::: RECORDS SHOWN
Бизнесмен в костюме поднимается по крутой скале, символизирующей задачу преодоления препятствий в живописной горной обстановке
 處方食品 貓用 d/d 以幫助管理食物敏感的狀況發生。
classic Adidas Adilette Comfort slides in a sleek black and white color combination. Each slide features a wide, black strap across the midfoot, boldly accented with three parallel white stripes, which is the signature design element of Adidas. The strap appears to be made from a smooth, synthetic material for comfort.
::::::
::: RECORDS SHOWN
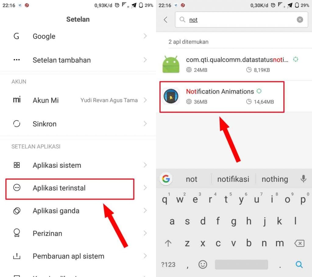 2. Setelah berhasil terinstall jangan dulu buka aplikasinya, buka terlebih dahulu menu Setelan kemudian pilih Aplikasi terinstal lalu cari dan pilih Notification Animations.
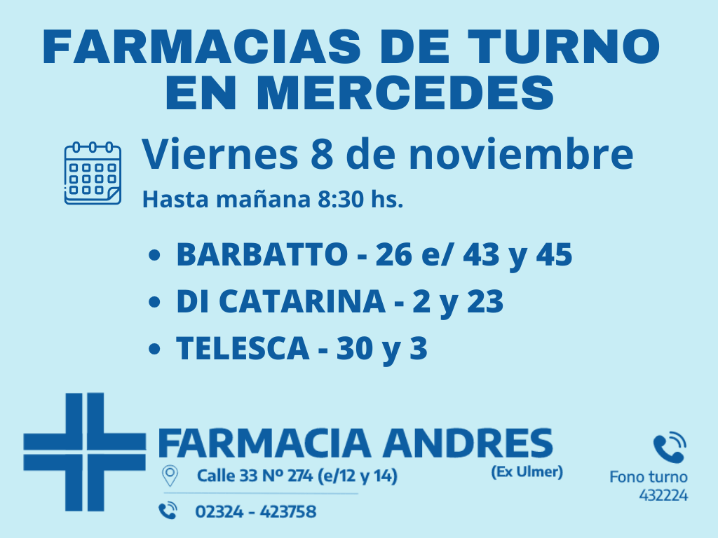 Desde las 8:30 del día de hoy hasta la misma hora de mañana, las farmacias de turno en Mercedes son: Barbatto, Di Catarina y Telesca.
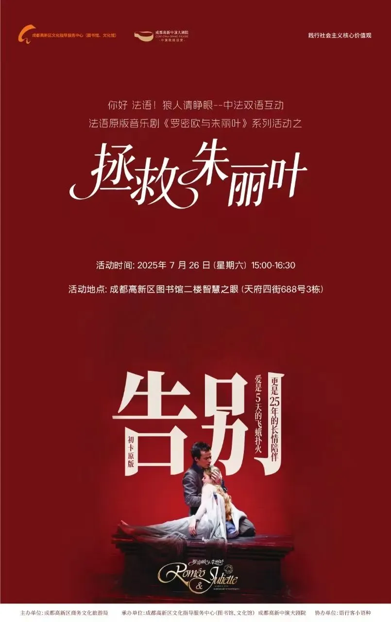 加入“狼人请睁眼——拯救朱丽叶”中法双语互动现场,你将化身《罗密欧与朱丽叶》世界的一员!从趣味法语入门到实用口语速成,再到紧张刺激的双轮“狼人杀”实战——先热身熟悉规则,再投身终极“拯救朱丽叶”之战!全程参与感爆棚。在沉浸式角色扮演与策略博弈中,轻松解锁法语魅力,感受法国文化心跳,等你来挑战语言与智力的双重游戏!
::::::
## WHAT YOU NEED TO DO:
From the material above, copy exactly the lines between the line holding "Бизнесмен в костюме" and the line holding "classic Adidas Adilette", inclusive, and only those.

## WRITTEN SOLUTION:
Бизнесмен в костюме поднимается по крутой скале, символизирующей задачу преодоления препятствий в живописной горной обстановке
 處方食品 貓用 d/d 以幫助管理食物敏感的狀況發生。
classic Adidas Adilette Comfort slides in a sleek black and white color combination. Each slide features a wide, black strap across the midfoot, boldly accented with three parallel white stripes, which is the signature design element of Adidas. The strap appears to be made from a smooth, synthetic material for comfort.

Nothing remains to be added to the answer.